At one time you would have a heart attack and drop dead, or get cancer and be dead after six months. Now we keep people alive year after year in a pitiful state with no real
quality of life.

Oh I so agree with this - my memories of my parents would be entirely positive were it not for the last few years. My dad wasn't a selfish person but old age and fear made him behave selfishly and his behaviour has led to resentment from me and my brothers. And because he covered DM's dementia, I thought she didn't care and I judged her harshly for never remembering anything about the kids or their birthdays etc.

However awful it would have been to have lost them before the terrible last few years, their legacy would have been so much better.

Poodlelove · 16/07/2025 17:52

My mum died in her 60s very quick illness and she was a lovely kind woman .

My Dad left my Mum after 20 years of marriage for a woman half his age , he is selfish , self centered ,grumpy , cruel , manipulative, has no interest in Grandchildren, very tight with money , has a big house , after a recent wedding where he caused trouble and embarrassed me , I wrote him a long letter and told him exactly why I no longer wish to have contact with him.
What a relief , first time in 30 years I don't feel obligated , guilty and relief.
Our children told us that they will not be going to their funeral when he dies.
I told one person that I am going none contact with him and they were horrified.
So.i will not mention him to anyone in the future.

CurlewKate · 16/07/2025 17:54

I loved my mother very much. But oh, I was relieved when she died.
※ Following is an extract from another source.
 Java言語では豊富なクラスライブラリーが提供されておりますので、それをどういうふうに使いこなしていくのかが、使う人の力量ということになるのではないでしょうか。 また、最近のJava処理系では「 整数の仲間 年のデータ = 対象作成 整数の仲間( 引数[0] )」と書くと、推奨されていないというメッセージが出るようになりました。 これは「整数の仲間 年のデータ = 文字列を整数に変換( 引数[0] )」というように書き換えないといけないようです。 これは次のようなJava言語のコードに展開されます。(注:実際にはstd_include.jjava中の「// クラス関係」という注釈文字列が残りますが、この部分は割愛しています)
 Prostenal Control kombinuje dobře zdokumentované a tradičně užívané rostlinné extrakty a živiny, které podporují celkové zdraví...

ByQuaintAzureWasp · 16/07/2025 18:40

I was relieved when my mum died. It ended her suffering h, tgat is the only reason ... would give anything for another day with her now.
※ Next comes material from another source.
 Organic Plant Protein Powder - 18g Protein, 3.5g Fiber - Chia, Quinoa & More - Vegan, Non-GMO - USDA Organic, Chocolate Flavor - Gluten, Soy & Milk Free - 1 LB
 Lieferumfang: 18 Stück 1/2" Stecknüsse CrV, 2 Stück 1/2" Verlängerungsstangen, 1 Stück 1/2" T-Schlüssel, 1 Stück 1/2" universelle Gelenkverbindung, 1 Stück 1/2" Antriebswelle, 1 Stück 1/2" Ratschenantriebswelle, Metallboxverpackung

ObstinateHeadstrong · 16/07/2025 18:41

My father's parents were awful. My father's sister ended up in intensive care after her abusive excuse for a husband beat her one time. She divorced him thankfully, but my awful grandparents would turn her away from their front door because he was over for Sunday frickin lunch. Just terrible, terrible people. They both had dementia quite early on and went into a care home so there was nothing left of any inheritance. I've never missed them. I'm sad that they never grew a conscience or kindness or empathy. But truthfully, and I hate to be able to say it about my own grandparents, but the world is better off without them in it. 😔

NewsdeskJC · 16/07/2025 18:42

I'll be thankful when Mum dies. She has vascular dementia which although only recently diagnosed has been a steady decline for probably 6 years. I think she will be in a care home soon and I'm dreading having to make that transition for her. I literally pray that she will just not wake up one day

DecoratingDiva · 16/07/2025 18:58

My DH will be relieved when his parents die. His biggest regret is not going NC many years ago.

It is too late & too complicated to do it now but every time we see them he mentions how he regrets not walking away years ago.